• _Assigned task_:
The required output is the stretch from the line containing "Алмазная коронка диаметром" through the line containing "圖為集團(tuán)職工在生" in the records below, unaltered and with no pictures.

• _The data_:
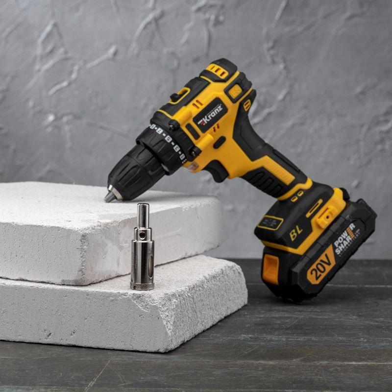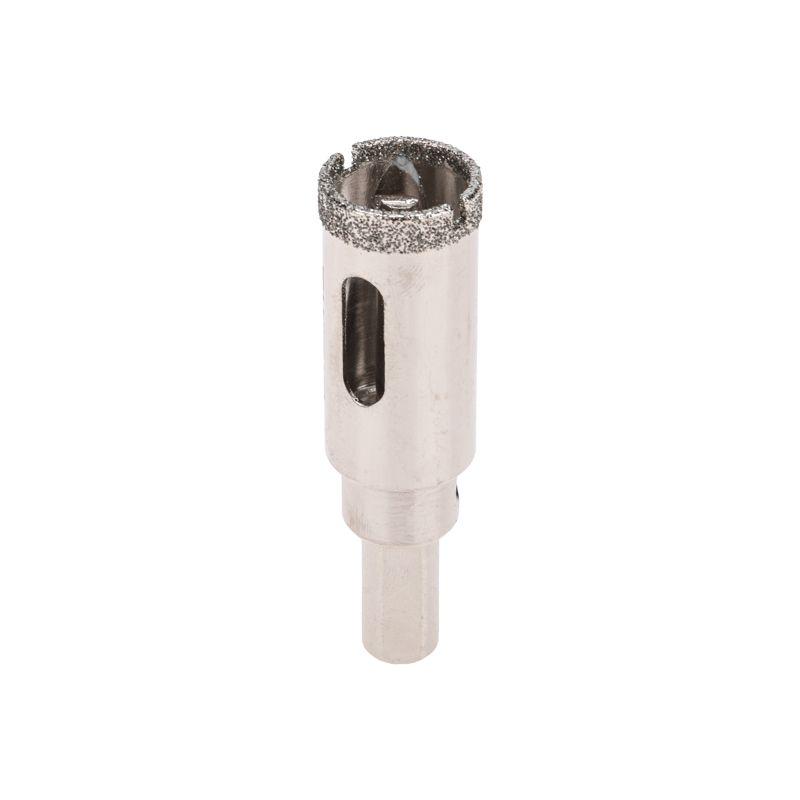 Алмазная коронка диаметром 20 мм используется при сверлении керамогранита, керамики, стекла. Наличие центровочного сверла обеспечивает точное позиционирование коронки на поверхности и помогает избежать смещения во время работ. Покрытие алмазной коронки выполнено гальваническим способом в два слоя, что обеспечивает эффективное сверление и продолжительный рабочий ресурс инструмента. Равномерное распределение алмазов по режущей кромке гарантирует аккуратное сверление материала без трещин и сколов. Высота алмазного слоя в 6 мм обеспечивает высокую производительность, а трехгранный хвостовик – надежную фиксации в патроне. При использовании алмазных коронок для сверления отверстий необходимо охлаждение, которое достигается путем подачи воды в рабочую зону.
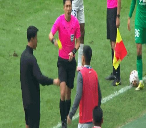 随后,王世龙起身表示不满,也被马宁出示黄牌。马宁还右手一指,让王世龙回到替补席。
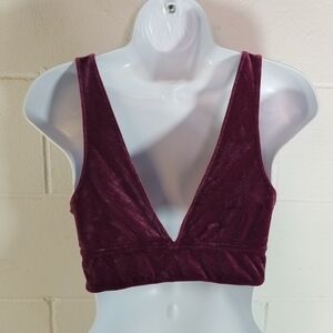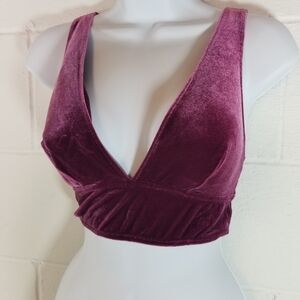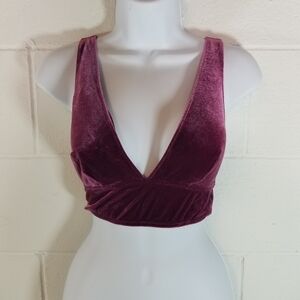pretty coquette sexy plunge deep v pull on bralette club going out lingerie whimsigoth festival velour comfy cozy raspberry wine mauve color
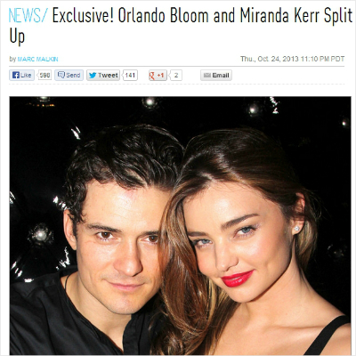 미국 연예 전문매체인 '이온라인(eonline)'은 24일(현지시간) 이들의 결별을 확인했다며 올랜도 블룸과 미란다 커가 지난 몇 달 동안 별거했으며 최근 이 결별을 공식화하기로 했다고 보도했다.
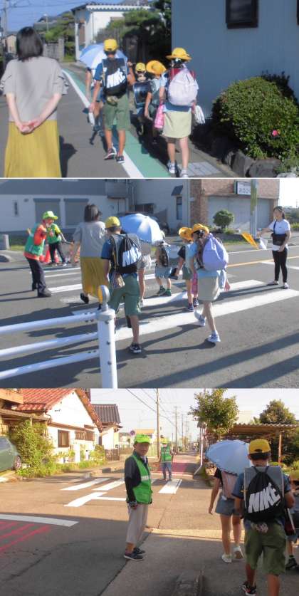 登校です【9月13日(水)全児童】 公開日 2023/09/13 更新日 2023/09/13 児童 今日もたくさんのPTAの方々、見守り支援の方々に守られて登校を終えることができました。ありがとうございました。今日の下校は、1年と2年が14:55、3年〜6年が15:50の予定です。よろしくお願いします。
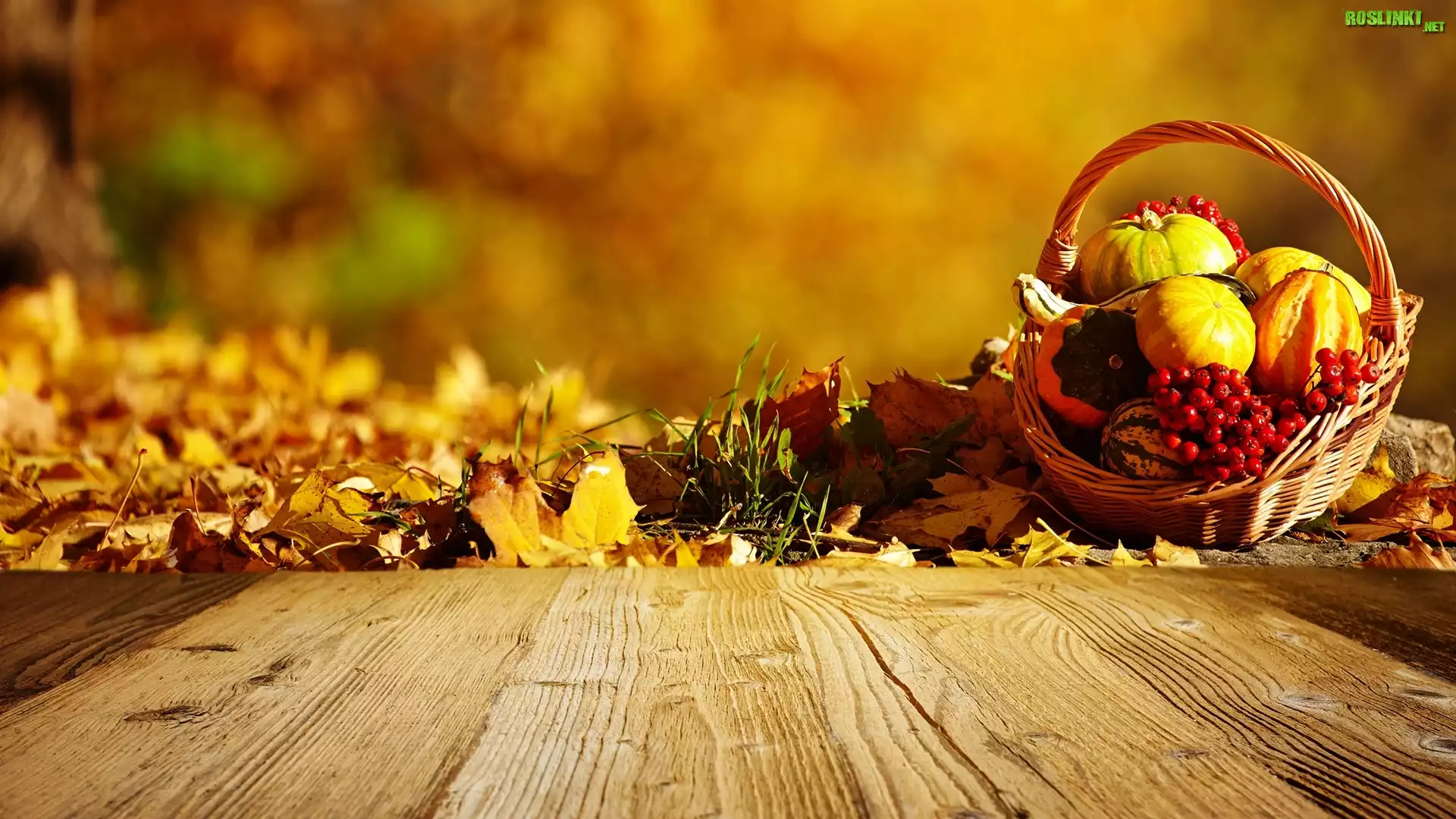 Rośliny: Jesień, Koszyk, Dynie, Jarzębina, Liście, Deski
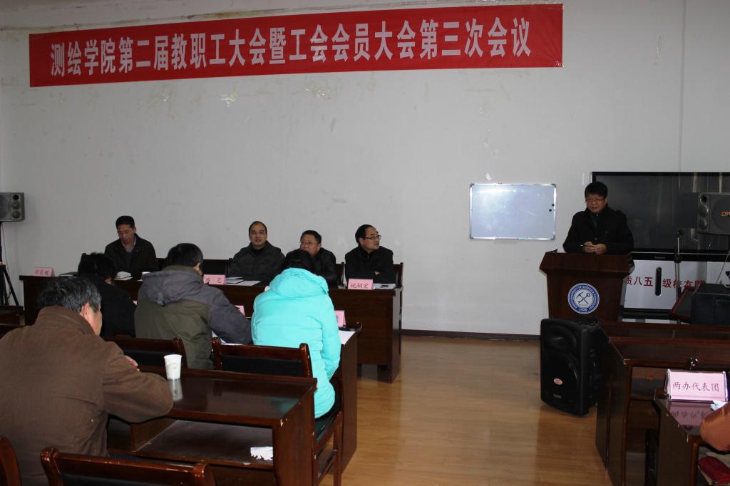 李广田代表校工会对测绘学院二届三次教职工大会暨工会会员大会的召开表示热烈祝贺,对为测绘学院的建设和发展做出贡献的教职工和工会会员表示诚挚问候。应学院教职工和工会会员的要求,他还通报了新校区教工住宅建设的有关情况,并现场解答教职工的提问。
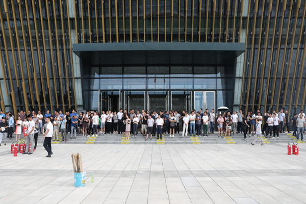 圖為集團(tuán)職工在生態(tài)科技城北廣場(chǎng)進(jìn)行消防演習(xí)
--
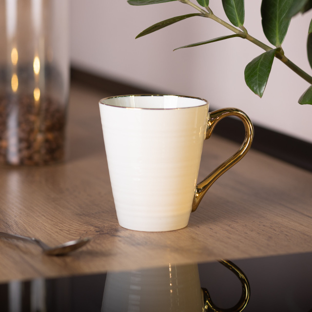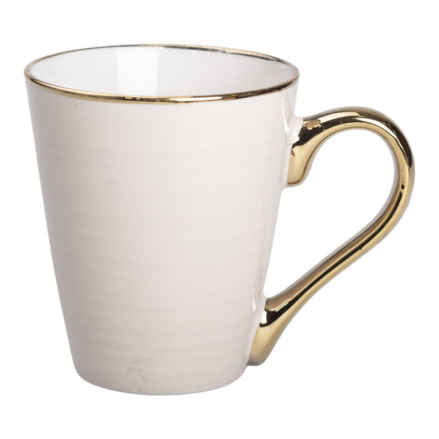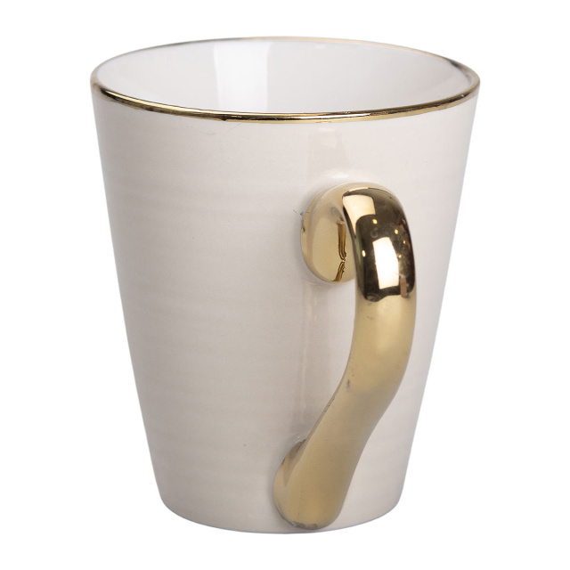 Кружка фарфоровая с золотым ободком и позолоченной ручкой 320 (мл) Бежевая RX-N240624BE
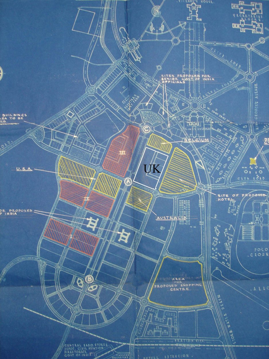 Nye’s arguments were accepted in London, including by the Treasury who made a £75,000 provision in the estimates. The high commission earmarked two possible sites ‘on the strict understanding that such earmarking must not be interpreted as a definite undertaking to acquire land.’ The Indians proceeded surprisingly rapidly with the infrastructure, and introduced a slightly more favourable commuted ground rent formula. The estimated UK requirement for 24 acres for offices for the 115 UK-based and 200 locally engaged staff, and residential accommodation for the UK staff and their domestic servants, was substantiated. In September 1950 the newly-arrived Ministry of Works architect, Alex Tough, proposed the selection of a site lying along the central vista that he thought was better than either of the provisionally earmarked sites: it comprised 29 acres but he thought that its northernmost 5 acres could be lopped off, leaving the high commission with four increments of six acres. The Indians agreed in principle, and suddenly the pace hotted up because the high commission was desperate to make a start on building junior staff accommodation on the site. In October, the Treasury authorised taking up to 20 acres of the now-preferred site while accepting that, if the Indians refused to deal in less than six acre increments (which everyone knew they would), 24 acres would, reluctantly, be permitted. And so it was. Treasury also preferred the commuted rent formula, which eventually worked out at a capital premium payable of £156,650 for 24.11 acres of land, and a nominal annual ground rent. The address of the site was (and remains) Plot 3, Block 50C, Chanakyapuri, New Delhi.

• _Result for this exercise_:
 Алмазная коронка диаметром 20 мм используется при сверлении керамогранита, керамики, стекла. Наличие центровочного сверла обеспечивает точное позиционирование коронки на поверхности и помогает избежать смещения во время работ. Покрытие алмазной коронки выполнено гальваническим способом в два слоя, что обеспечивает эффективное сверление и продолжительный рабочий ресурс инструмента. Равномерное распределение алмазов по режущей кромке гарантирует аккуратное сверление материала без трещин и сколов. Высота алмазного слоя в 6 мм обеспечивает высокую производительность, а трехгранный хвостовик – надежную фиксации в патроне. При использовании алмазных коронок для сверления отверстий необходимо охлаждение, которое достигается путем подачи воды в рабочую зону.
 随后,王世龙起身表示不满,也被马宁出示黄牌。马宁还右手一指,让王世龙回到替补席。
pretty coquette sexy plunge deep v pull on bralette club going out lingerie whimsigoth festival velour comfy cozy raspberry wine mauve color
 미국 연예 전문매체인 '이온라인(eonline)'은 24일(현지시간) 이들의 결별을 확인했다며 올랜도 블룸과 미란다 커가 지난 몇 달 동안 별거했으며 최근 이 결별을 공식화하기로 했다고 보도했다.
 登校です【9月13日(水)全児童】 公開日 2023/09/13 更新日 2023/09/13 児童 今日もたくさんのPTAの方々、見守り支援の方々に守られて登校を終えることができました。ありがとうございました。今日の下校は、1年と2年が14:55、3年〜6年が15:50の予定です。よろしくお願いします。
 Rośliny: Jesień, Koszyk, Dynie, Jarzębina, Liście, Deski
 李广田代表校工会对测绘学院二届三次教职工大会暨工会会员大会的召开表示热烈祝贺,对为测绘学院的建设和发展做出贡献的教职工和工会会员表示诚挚问候。应学院教职工和工会会员的要求,他还通报了新校区教工住宅建设的有关情况,并现场解答教职工的提问。
 圖為集團(tuán)職工在生態(tài)科技城北廣場(chǎng)進(jìn)行消防演習(xí)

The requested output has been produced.